Post by alek » Mon Apr 16, 2018 3:23 pm

augeleven wrote: Mon Apr 16, 2018 11:40 am I've been struggling with my weight for a while (adulthood?). I can nail down my food for a month or four, but then I fall off the wagon and go on an ice cream and fast food bender. Looking back I have trouble
1. late night (post workout) snacking
2. after School commute snacking
3. stress eating
4. falling off the wagon and giving up

I know there a lot of people here who have had success with weight loss, and I know this is covered all the time, but maybe these questions are different(?)

1.How did you stop the yo-yoing of the weight?
2.For those that workout late at night, how did you deal with being super hungry right before bed?
3.Did you have some kind of trigger food that you needed to completely abstain from?

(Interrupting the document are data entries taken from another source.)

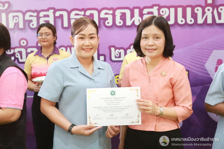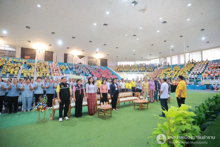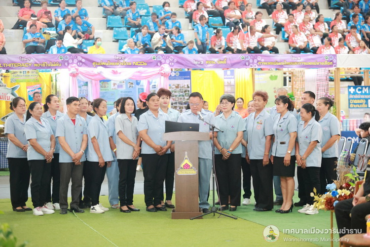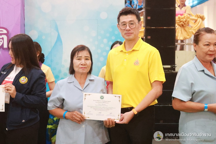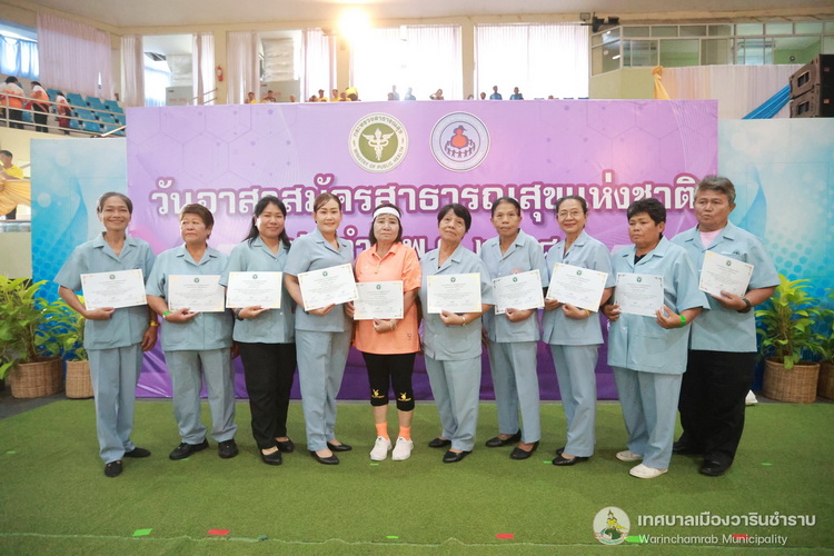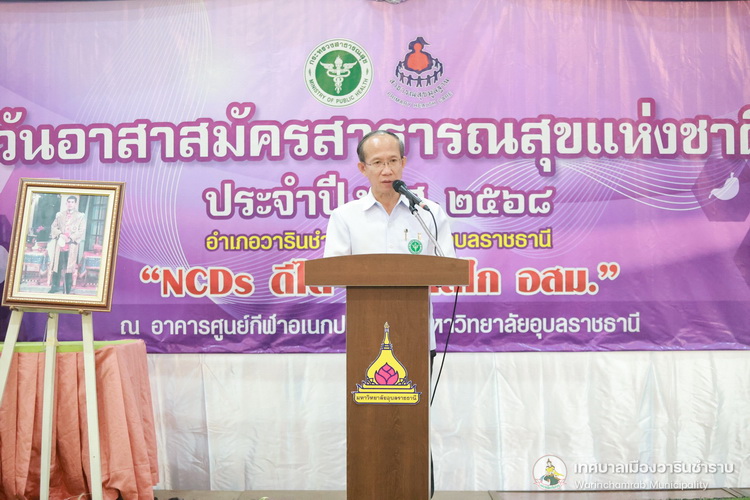 วันที่ 25 มีนาคม 2568 เวลา 8.00 น. ณ อาคารศูนย์กีฬาอเนกประสงค์ มหาวิทยาลัยอุบลราธานี เทศบาลเมืองวารินชำราบโดย งานศูนย์บริการสาธารณสุข กองสาธารณสุขและสิ่งแวดล้อม นำโดยนางพีระพิชญ์ รวมธรรม หัวหน้าฝ่ายบริการสาธารณสุข และเจ้าหน้าที่กองสาธารณสุขและสิ่งแวดล้อม ได้นำสมาชิกอาสาสมัครสาธารณสุขประจำหมู่บ้าน (อสม.) เข้าร่วมกิจกรรมเชิดชูเกียรติวันอาสาสมัครสาธารณสุขแห่งชาติ ประจำปี 2568 เพื่อเป็นการยกย่องเชิดชูเกียรติ อสม.ที่ปฏิบัติหน้าที่ดีเด่นในแต่ละสาขา รวมถึงยังเป็นการแสดงออกถึงความรัก ความสามัคคีกันของกลุ่ม อสม. ในอำเภอวารินชำราบ ซึ่งในพิธีเปิดกิจกรรมได้รับเกียรติจากนายแพทย์ธีระพงษ์ แก้วภมร นายแพทย์สาธารณสุขจังหวัดอุบลราชธานี มาเป็นประธานในพิธี และมอบใบประกาศนียบัตรแก่ อสม.ดีเด่น ในระดับต่างๆ แก่ อสม.ที่ปฏิบัติงานครบ 10 ปี, อสม.ที่ปฏิบัติงานครบ 20 ปี และ อสม.ที่ปฏิบัติงานครบ 30 ปี และการแสดงจากกลุ่มตัวแทน สมาชิก อสม.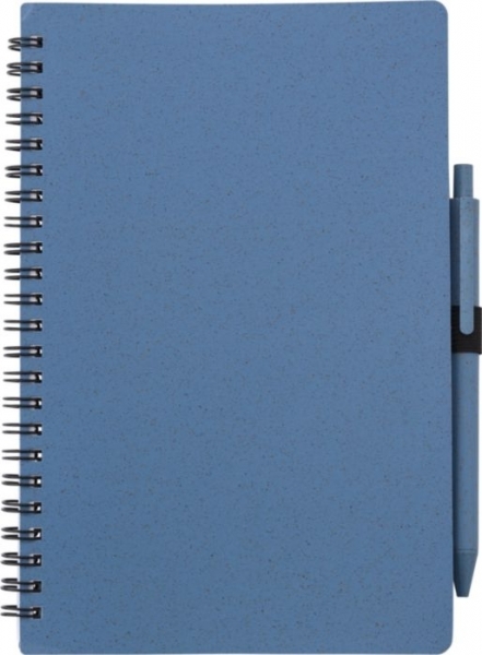Carnet à spirale A5 en fibre de paille avec couverture en PP contenant 70 feuilles lignées et un stylo en fibre de paille, mine Bleue.
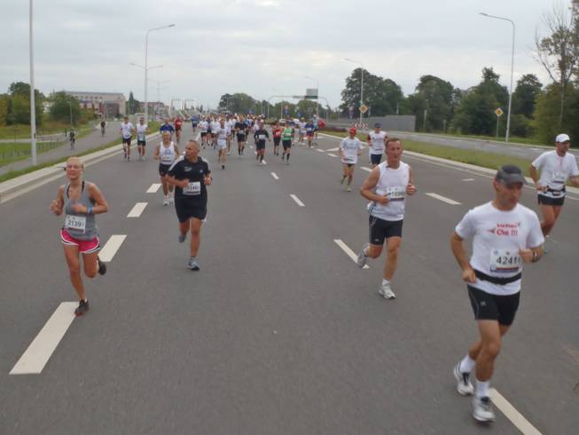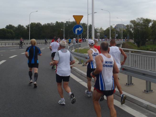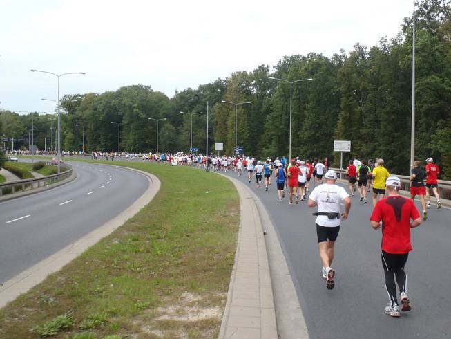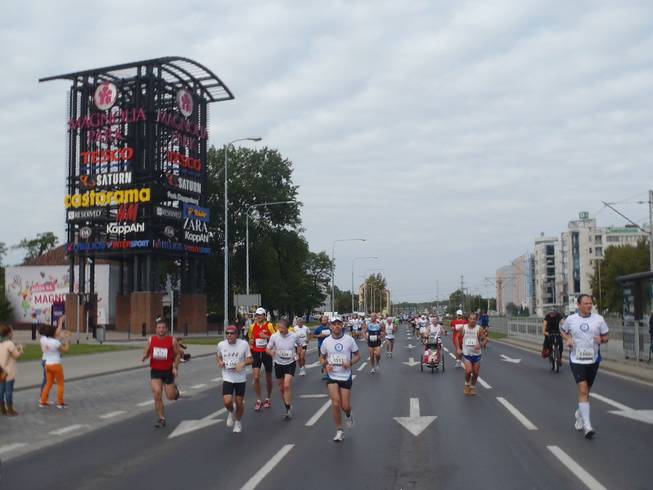 Obwodnica Śródmiejska 10.08 Uhr / Km 12,5 Ich merkte mein Tempo auch daran, daß ich nun längst in meinen üblichen Überhol-Modus gefallen war, in dem ich zumeist andere Läufer überholt, dabei aber selten (bis nie) selbst überholt wurde. |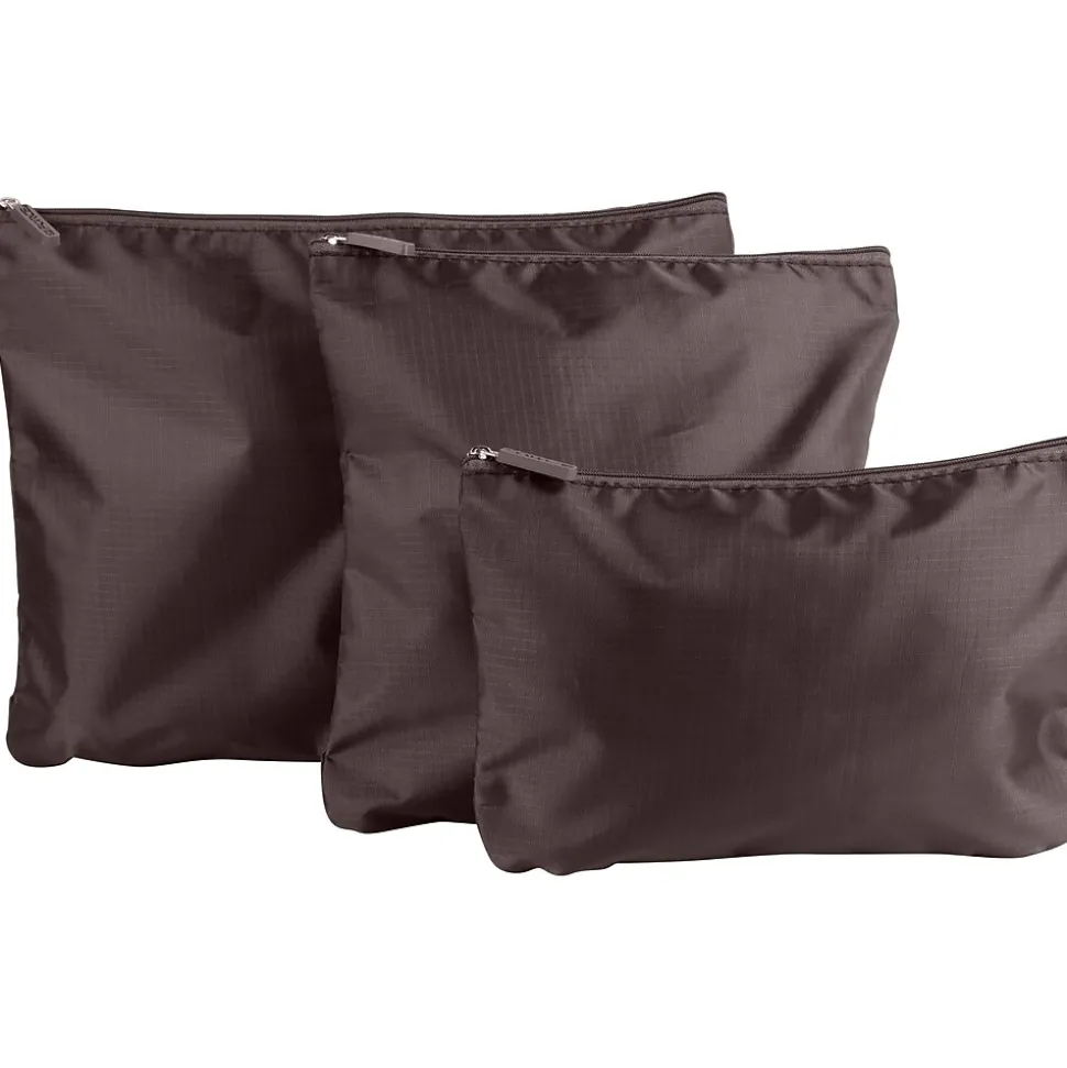 - Set includes: three zippered pouches and three packing cubes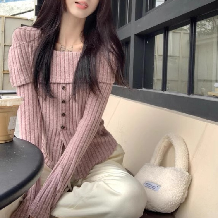 優しいギャル風一字肩つなぎ方襟ニットtシャツ2024新修身が痩せている
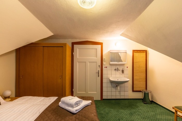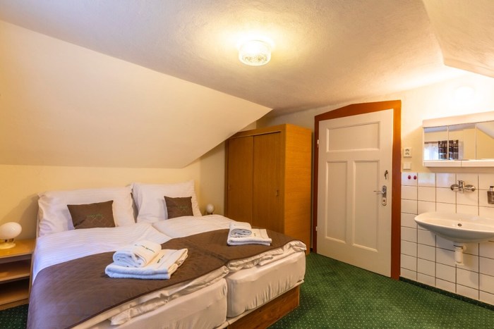 Das Doppelzimmer Nr. 27 mit einer Fläche von 12 m² befindet sich im 2. Stock der Villa mit Blick auf den Garten der Pension und die Isergebirgsbuchen. Orientierung W. Das Zimmer hat ein Schlafzimmer mit einem Doppelbett mit Qualitätsmatratze und Nachttischen, Einbauschrank, Tisch mit Stühlen, Waschbecken und Kleiderbügel. Das eigene, abschließbare Badezimmer befindet sich neben dem Zimmer im 1. Stock direkt unter der Treppe und ist mit einer Dusche, einem Waschbecken und einer Toilette ausgestattet. Handtücher und Badetücher sind vorhanden.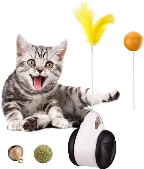 Kattenkruid speeltjes zijn ook altijd een hit. Muizen, balletjes, of andere vormen gevuld met kattenkruid kunnen je kat urenlang bezighouden. De geur van kattenkruid stimuleert speelsheid en kan zelfs de meest slaperige kat opvrolijken. Let wel op: niet elke kat reageert op kattenkruid. Een ander type speelgoed dat goed werkt, zijn de ‘smart toys’ of interactieve voederpuzzels. Dit zijn speeltjes waar je brokjes in kunt stoppen, en je kat moet moeite doen om ze eruit te krijgen. Dit simuleert het foerageren en houdt hun geest scherp, terwijl ze ook nog eens beloond worden met eten. Perfect voor katten die graag zelfstandig spelen.

I think I'm going to take a page from @alek s log and start tracking my food in my log for a bit. If anybody wants to stalk me there and heckle me for bad decision making, feel free.
Woohoo!! Trendsetter!!

1) I have historically been an ectomorph/hard ganier. I was probably 140# at 6' until I was 23/24 when I started working at an Italian restaurant. I was at about 175# just before I started training in August 2016, so 34 years old then--skinny fat, too. I put on about 35 pounds from 8/15 to 1/18, but still skinny fat. I ate whatever I wanted whenever I wanted.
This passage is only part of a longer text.